Our multithreaded program is using cvm library built on Intel MKL. We observed that
when we increased the number of running threads, the program spent
more time on locking/unlocking. We are using pthread and we are not using OpenMP. We got hot spots from VTune. The
test machine has 8 cores and our program uses 1 thread for main(), 1 loading
thread and several computation threads (using MKL). We got the best performance when we used 4 computation threads. Once we increased number of
computation threads over 4 the performance began to degrade and
"__lll_unlock_wake" and "__lll_lock_wait" became top 2 hot spots. The
data inputted into computation threads were independent from each
other.
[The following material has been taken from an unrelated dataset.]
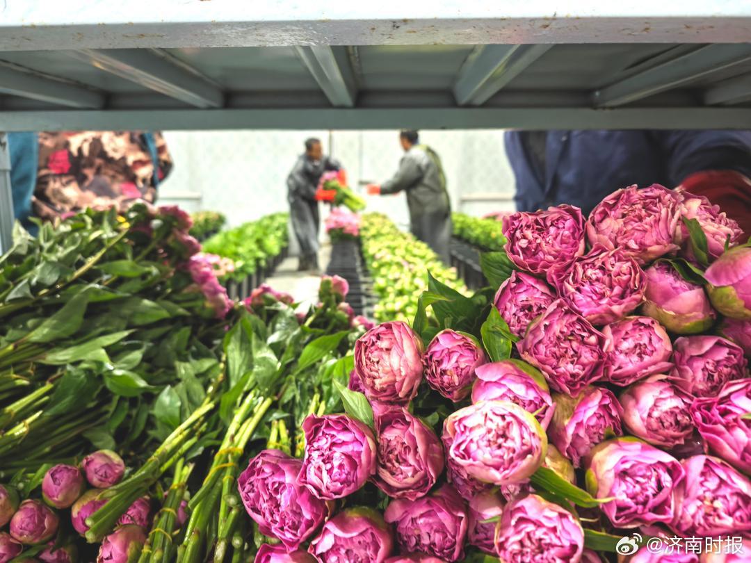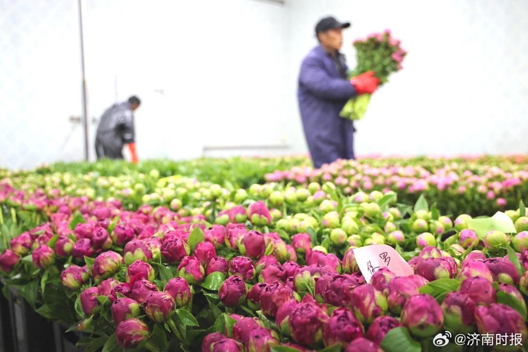 【#每卖10枝芍药就有6枝产在菏泽#】4月20日,山东盛世芍花智慧农业有限公司车间内,一派繁忙景象。3℃的恒温车间里,工人们正熟练地对芍药鲜切花进行分级、修枝、打包。车间外是大片的芍药、牡丹种植基地,销售人员在田间直播带货,要不了多久,一束束芍药将从这里送到消费者手中。
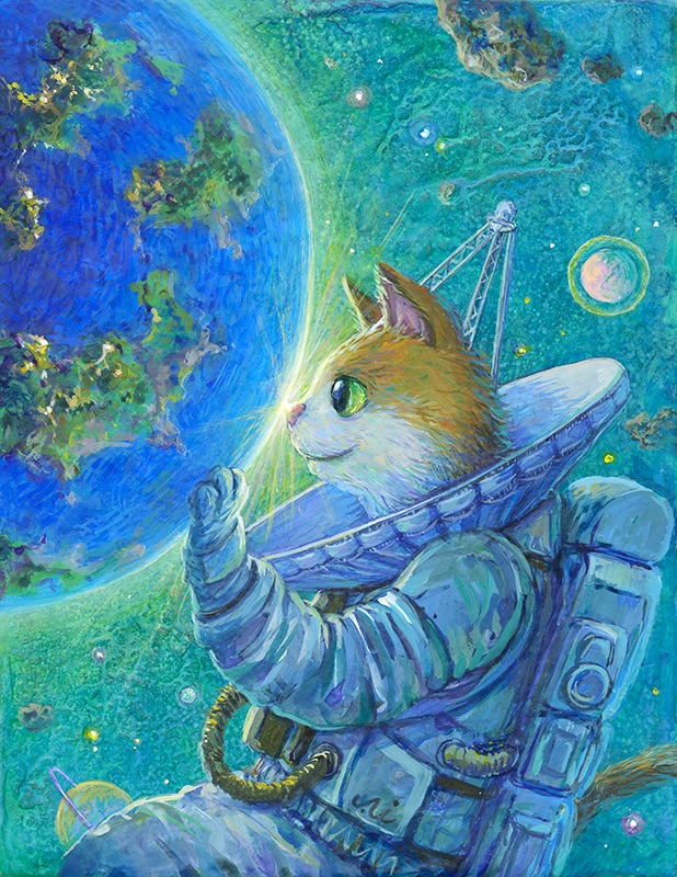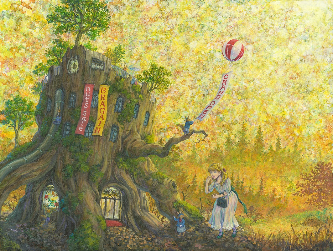 少女や様々な動物達の日常をリアルな背景の中に愛らしく、時にシュールに描く。絵画にリンクした立体作品も制作する。

We also tried on a dummy thread function instead of using MKL,
just doing sqrt() in a loop to make sure we had long enough computation
time. We didn't see "__lll_unlock_wake" and "__lll_lock_wait" from the
dummy function. We were told by the author of cvm library
that the locking/unlocking functions came from MKL. Why does the performance degrade before number of logic threads reaches the number of physic cores? How does MKL use locking/unlocking in multithreaded function? Is there any limitation on number of threads and/or cache? How can we optimize MKL configuration for multithreaded program?
If you are running individual pthreads on a majority of the cores, it's unlikely that you would find threaded MKL running as well as the "sequential." If you do have enough cores available to accommodate both your pthreads and the MKL threads, you will likely run into random affinity conflicts, thus continuing to see excessive lock activity. I've been told that you should be able to bring your linux pthreads under the control of KMP_AFFINITY e.g. by setting up a tiny OpenMP parallel region and calling omp_get_num_threads. This would enable you to spread out your pthreads and MKL OpenMP threads.
Thank you very much for your response. I have changed those parameters in many combinations but I have not seen any improvement on the performance. Could you pleasesend me an example on how to avoid random affinity conflicts?
It is my understanding that if you are calling MKL in an OpenMP threaded region MKL will revert to single-threading as nested threading is off. This is certainly what I see.
That is , on a 4 core machine, I only ever see my 4 (omp) threads running when my OpenMP code is calling MKL functions. Outside OpenMP threaded regions, I see 4 threads when calling MKL, as MKL is starting it's own threads.